In Vietnam, Skechers works with third-party manufacturers just like it does in China.
We contacted Skechers regarding this and found out that the company often sends its own teams to inspect these factories.
Cambodia
Cambodia is another location where Skechers produces its footwear. It’s smaller compared to China and Vietnam, but it’s growing. We saw that several large shoe manufacturers in Cambodia supply products to Skechers. These factories usually focus on assembling shoes and finishing the final details.
Like with its other locations, Skechers doesn’t own these factories. But it keeps control by having its own people on the ground. They check production lines and make sure everything meets company standards. That helps them protect the brand and avoid quality issues.
What makes Cambodia stand out is its growing role in the global footwear industry. Labor is affordable, and the government has encouraged foreign investment in manufacturing. Skechers saw that potential and included Cambodia as part of its production network.
While it’s not the largest source of Skechers shoes, Cambodia gives the company more flexibility. If there’s a problem in one country, they can shift more orders to Cambodia. That’s part of how Skechers keeps shoes available around the world without running into major delays.
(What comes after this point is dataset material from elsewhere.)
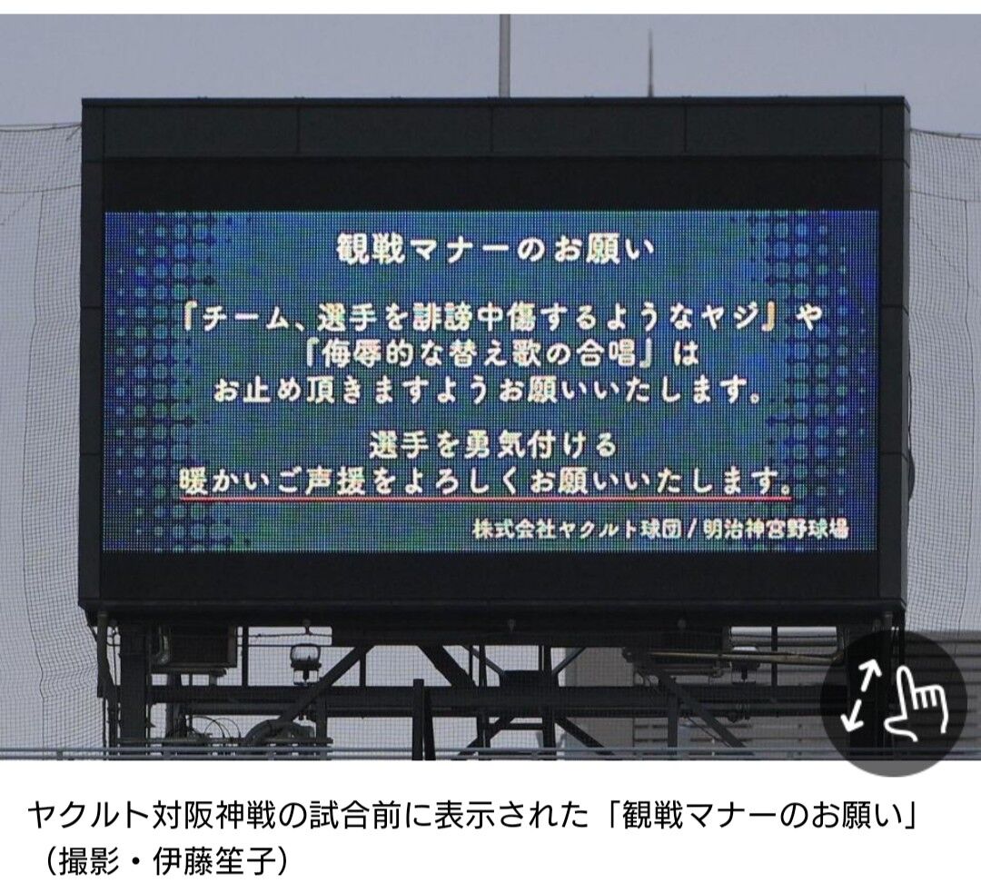 ヤクルトvs阪神戦で神宮球場が観戦マナーのお願い 『誹謗中傷するようなヤジ、侮辱的な替え歌の合唱はお止め頂きますよう』

If you’re researching before buying, don’t miss this honest guide on whether Skechers run large, small, or just right.
Final Words
So, who owns Skechers? Now you know—it’s publicly traded, but the Greenberg family still runs it like they always have. That family-led touch is what keeps Skechers feeling familiar and real, even as it’s sold around the world.
Here’s a recap:
-
Robert Greenberg started Skechers and still leads it.
-
His son, Michael, is the president and helps run day-to-day operations.
-
The company is publicly traded but is led by the same founding family.
-
Most shoes are made in Asia through trusted manufacturers.
-
Skechers has grown big, but stayed simple: comfy shoes for everyday people.
And that’s what makes Skechers special—it didn’t forget where it came from.